** Opening Record excerpts block **

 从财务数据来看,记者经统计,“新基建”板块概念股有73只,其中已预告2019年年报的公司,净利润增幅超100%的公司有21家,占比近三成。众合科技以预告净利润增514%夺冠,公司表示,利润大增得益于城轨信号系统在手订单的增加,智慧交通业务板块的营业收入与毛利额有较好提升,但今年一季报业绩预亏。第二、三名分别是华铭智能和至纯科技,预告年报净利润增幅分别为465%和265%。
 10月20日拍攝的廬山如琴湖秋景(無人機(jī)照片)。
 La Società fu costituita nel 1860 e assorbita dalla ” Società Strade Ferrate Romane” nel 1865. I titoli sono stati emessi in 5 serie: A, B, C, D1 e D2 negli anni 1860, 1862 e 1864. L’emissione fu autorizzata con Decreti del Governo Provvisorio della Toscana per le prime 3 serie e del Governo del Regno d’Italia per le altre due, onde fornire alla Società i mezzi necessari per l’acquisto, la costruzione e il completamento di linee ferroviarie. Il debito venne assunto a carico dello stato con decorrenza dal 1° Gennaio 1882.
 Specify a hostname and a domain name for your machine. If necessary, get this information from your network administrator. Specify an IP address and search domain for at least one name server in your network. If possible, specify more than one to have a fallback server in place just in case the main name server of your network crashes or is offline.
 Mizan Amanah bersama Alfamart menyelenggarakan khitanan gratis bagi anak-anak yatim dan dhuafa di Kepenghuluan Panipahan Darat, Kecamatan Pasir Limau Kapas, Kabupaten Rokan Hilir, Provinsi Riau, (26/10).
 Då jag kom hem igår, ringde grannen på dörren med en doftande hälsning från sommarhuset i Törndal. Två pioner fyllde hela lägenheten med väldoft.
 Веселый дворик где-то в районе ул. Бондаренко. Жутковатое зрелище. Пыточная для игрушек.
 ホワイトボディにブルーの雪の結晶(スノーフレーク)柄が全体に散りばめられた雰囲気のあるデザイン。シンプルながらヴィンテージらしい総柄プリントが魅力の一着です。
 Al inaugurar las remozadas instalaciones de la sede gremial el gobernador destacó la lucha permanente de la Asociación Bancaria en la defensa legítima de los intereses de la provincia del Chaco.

** Closing Record excerpts block **

To do. Your answer must consist only of the lines from the start of the records above through the line with "10月20日拍攝的廬山如琴湖秋景(無人機(jī)照片)。", each retyped exactly.

Answer box.
 从财务数据来看,记者经统计,“新基建”板块概念股有73只,其中已预告2019年年报的公司,净利润增幅超100%的公司有21家,占比近三成。众合科技以预告净利润增514%夺冠,公司表示,利润大增得益于城轨信号系统在手订单的增加,智慧交通业务板块的营业收入与毛利额有较好提升,但今年一季报业绩预亏。第二、三名分别是华铭智能和至纯科技,预告年报净利润增幅分别为465%和265%。
 10月20日拍攝的廬山如琴湖秋景(無人機(jī)照片)。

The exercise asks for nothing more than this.